Problem - There are pictures in the records below; leave them out and set down exactly the lines from the one holding "Upetstory одеяло для" through the one holding "Dieses Set ist".
===== The data
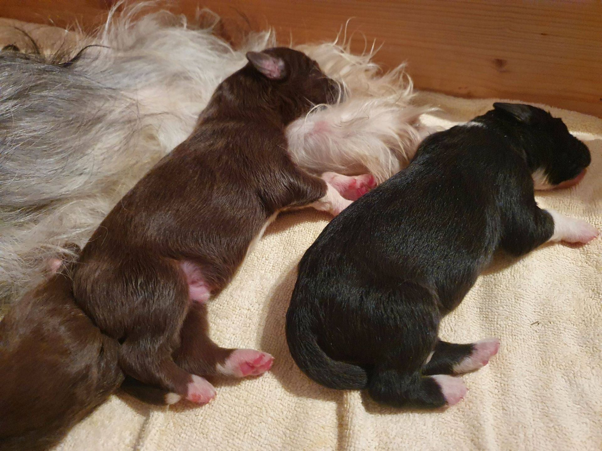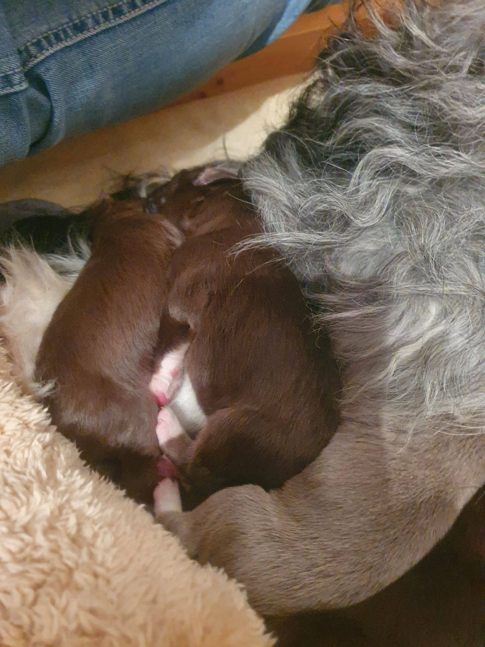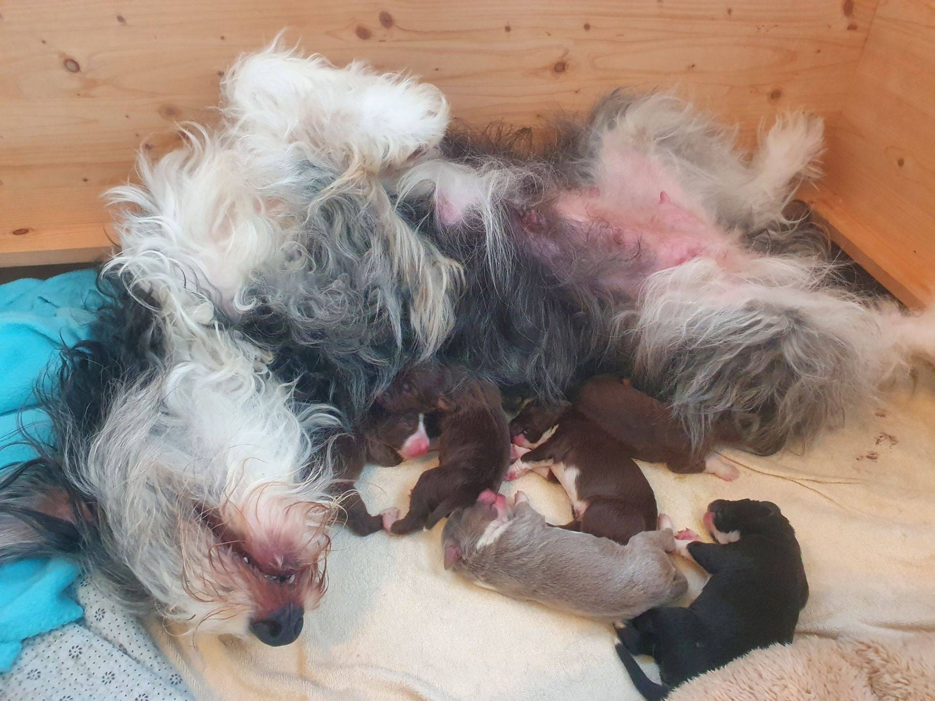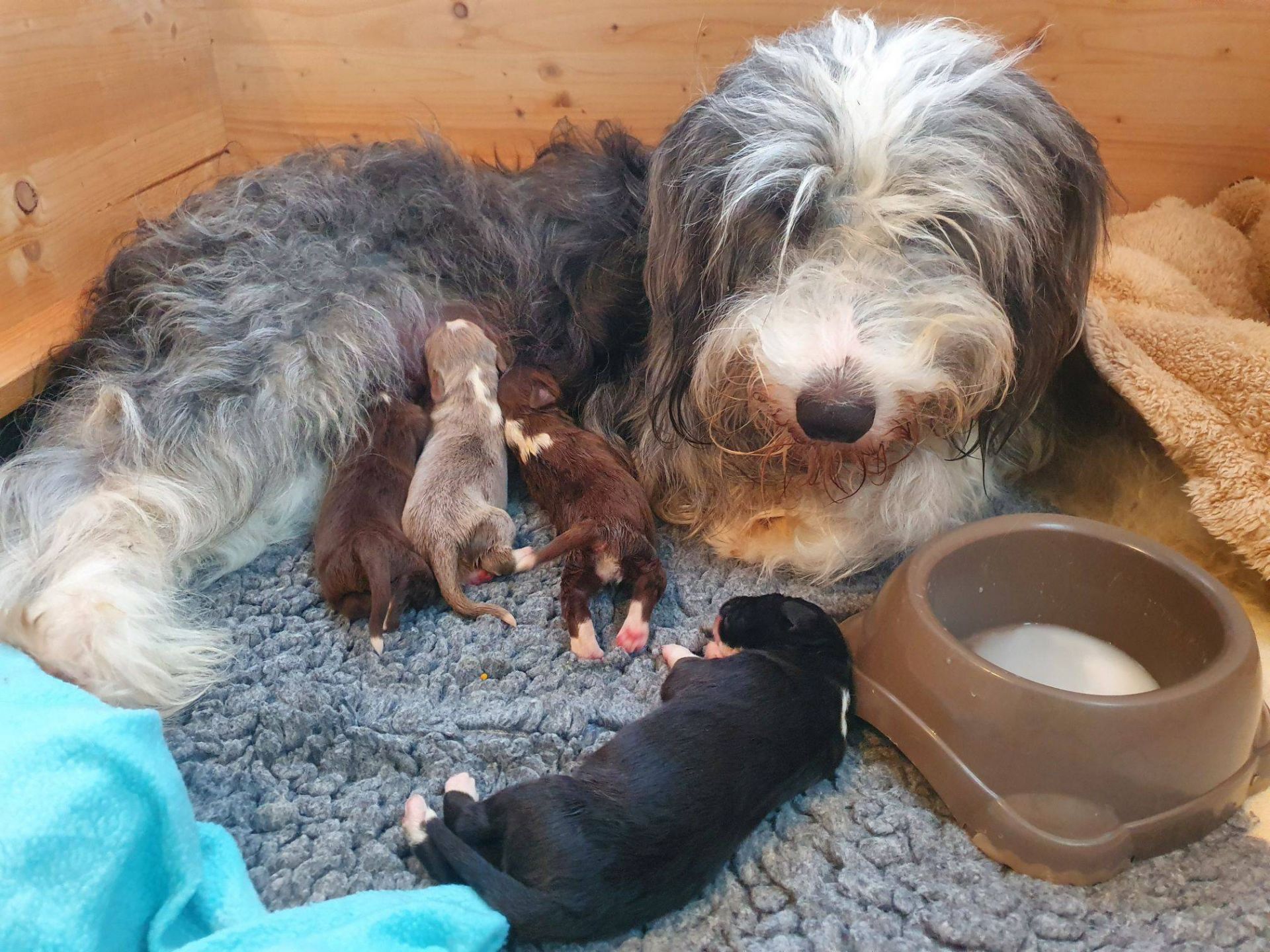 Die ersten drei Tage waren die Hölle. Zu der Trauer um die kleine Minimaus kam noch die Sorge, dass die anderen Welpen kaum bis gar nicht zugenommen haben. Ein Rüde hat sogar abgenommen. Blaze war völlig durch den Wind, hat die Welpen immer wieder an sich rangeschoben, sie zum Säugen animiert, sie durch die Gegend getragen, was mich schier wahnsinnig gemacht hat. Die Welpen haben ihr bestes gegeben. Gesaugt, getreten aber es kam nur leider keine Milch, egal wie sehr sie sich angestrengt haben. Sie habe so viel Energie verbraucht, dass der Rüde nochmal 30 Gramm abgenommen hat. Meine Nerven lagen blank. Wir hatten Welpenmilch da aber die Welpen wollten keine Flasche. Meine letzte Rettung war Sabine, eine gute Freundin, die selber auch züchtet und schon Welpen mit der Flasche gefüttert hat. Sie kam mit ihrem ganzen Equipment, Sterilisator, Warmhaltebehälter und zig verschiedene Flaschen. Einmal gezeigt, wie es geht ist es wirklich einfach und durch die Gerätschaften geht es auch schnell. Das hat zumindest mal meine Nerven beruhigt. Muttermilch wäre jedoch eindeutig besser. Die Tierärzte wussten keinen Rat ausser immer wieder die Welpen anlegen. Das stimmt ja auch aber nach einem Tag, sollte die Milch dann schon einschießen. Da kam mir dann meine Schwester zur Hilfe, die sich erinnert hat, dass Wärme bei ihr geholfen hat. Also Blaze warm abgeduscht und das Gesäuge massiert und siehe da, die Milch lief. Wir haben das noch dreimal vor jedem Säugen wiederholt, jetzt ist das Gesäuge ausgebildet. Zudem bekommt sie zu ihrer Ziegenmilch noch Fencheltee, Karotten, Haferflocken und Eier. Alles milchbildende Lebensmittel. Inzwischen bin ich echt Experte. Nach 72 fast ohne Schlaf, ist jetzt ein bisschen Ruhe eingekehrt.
==========
===== The data
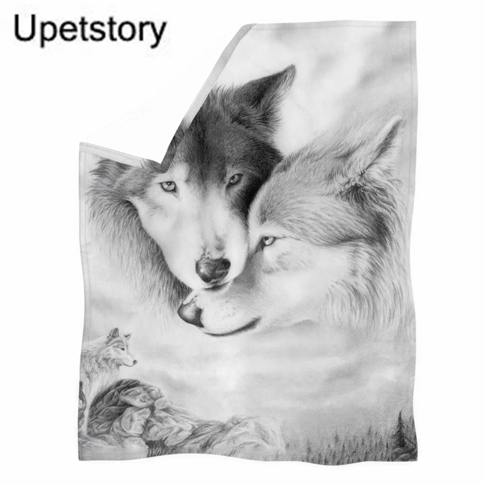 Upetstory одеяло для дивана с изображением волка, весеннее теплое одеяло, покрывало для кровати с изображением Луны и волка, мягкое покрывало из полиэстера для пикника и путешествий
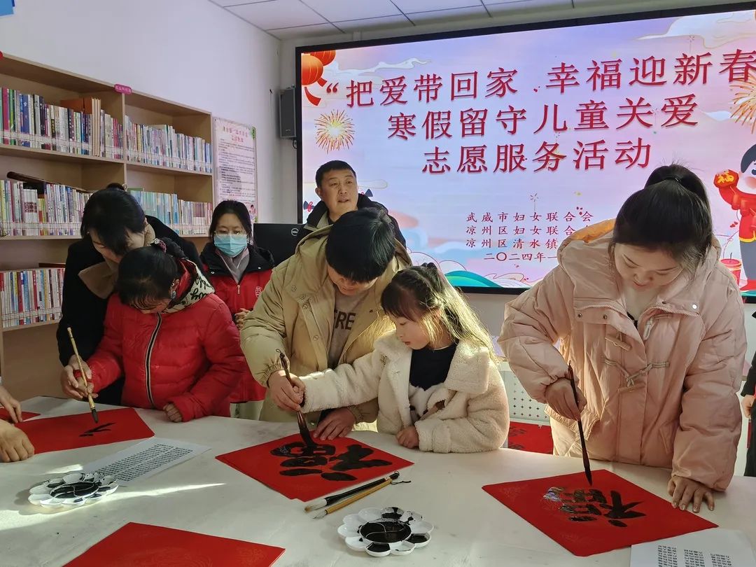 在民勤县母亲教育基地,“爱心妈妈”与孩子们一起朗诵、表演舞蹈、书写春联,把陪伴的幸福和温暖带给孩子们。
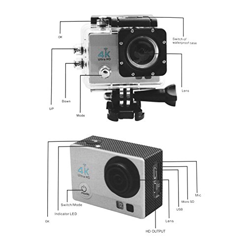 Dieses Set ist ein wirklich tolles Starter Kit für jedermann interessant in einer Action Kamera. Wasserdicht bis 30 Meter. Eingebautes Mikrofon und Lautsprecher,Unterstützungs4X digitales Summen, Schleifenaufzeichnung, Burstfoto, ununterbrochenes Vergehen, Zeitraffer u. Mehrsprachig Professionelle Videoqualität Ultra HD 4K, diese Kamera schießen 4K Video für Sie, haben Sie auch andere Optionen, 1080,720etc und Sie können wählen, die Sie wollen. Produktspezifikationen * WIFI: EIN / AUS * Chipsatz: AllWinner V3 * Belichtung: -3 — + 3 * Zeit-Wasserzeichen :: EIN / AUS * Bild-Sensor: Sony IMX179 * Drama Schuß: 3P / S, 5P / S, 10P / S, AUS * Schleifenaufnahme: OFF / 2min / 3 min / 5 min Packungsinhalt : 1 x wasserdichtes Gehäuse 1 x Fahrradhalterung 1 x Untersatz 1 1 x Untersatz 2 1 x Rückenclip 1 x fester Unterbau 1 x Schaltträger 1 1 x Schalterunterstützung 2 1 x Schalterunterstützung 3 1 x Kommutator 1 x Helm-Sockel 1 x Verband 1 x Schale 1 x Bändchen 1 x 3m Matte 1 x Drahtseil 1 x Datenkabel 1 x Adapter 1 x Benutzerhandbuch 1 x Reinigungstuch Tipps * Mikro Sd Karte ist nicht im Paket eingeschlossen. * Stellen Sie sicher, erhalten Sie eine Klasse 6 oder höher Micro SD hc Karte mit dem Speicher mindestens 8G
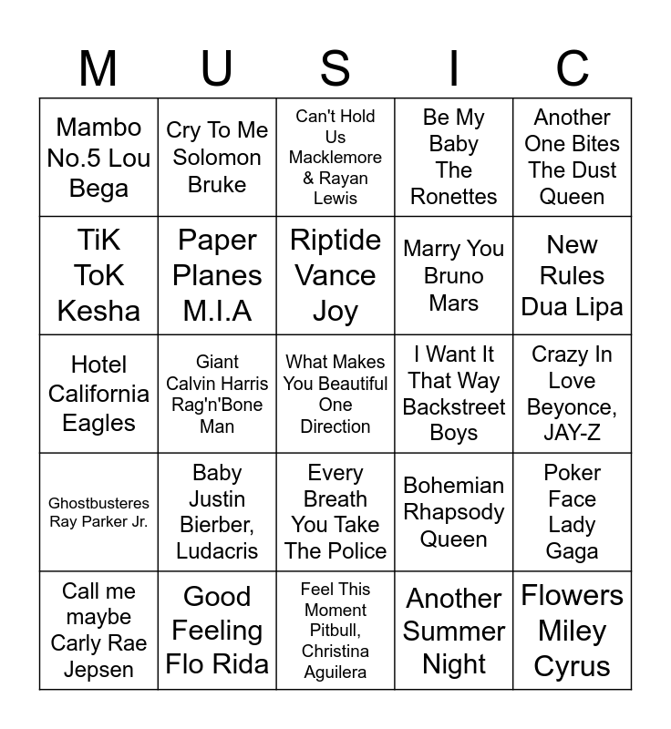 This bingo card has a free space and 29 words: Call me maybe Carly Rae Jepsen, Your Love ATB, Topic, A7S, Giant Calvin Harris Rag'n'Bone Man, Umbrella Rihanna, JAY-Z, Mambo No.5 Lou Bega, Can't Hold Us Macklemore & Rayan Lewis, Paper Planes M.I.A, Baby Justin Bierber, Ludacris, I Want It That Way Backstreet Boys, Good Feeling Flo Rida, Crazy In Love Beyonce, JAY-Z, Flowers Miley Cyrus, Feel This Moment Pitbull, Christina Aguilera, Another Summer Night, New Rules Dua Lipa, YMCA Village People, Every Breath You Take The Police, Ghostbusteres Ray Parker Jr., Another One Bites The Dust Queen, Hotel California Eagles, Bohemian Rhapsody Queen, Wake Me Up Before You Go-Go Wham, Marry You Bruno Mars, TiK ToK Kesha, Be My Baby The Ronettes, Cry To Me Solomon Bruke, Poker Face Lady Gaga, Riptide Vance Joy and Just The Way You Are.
==========
===== The data
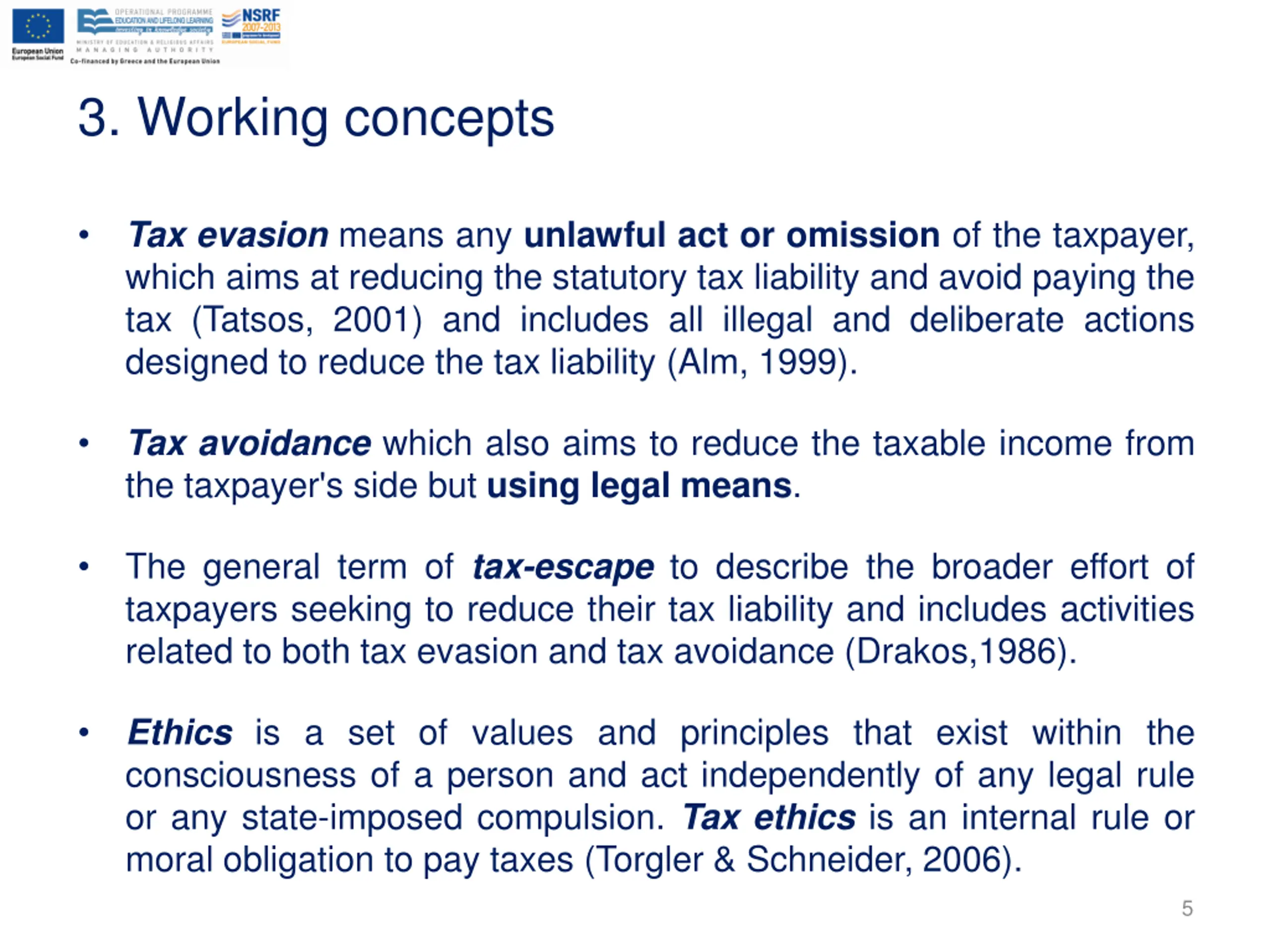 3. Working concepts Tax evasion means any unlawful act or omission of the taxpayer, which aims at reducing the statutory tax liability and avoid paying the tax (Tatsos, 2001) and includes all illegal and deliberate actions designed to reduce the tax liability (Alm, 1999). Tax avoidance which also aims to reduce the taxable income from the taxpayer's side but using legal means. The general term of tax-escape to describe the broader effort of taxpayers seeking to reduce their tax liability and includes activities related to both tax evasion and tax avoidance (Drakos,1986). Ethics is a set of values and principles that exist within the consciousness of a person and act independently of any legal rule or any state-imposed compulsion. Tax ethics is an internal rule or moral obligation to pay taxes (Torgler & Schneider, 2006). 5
==========
Task result -
 Upetstory одеяло для дивана с изображением волка, весеннее теплое одеяло, покрывало для кровати с изображением Луны и волка, мягкое покрывало из полиэстера для пикника и путешествий
 在民勤县母亲教育基地,“爱心妈妈”与孩子们一起朗诵、表演舞蹈、书写春联,把陪伴的幸福和温暖带给孩子们。
 Dieses Set ist ein wirklich tolles Starter Kit für jedermann interessant in einer Action Kamera. Wasserdicht bis 30 Meter. Eingebautes Mikrofon und Lautsprecher,Unterstützungs4X digitales Summen, Schleifenaufzeichnung, Burstfoto, ununterbrochenes Vergehen, Zeitraffer u. Mehrsprachig Professionelle Videoqualität Ultra HD 4K, diese Kamera schießen 4K Video für Sie, haben Sie auch andere Optionen, 1080,720etc und Sie können wählen, die Sie wollen. Produktspezifikationen * WIFI: EIN / AUS * Chipsatz: AllWinner V3 * Belichtung: -3 — + 3 * Zeit-Wasserzeichen :: EIN / AUS * Bild-Sensor: Sony IMX179 * Drama Schuß: 3P / S, 5P / S, 10P / S, AUS * Schleifenaufnahme: OFF / 2min / 3 min / 5 min Packungsinhalt : 1 x wasserdichtes Gehäuse 1 x Fahrradhalterung 1 x Untersatz 1 1 x Untersatz 2 1 x Rückenclip 1 x fester Unterbau 1 x Schaltträger 1 1 x Schalterunterstützung 2 1 x Schalterunterstützung 3 1 x Kommutator 1 x Helm-Sockel 1 x Verband 1 x Schale 1 x Bändchen 1 x 3m Matte 1 x Drahtseil 1 x Datenkabel 1 x Adapter 1 x Benutzerhandbuch 1 x Reinigungstuch Tipps * Mikro Sd Karte ist nicht im Paket eingeschlossen. * Stellen Sie sicher, erhalten Sie eine Klasse 6 oder höher Micro SD hc Karte mit dem Speicher mindestens 8G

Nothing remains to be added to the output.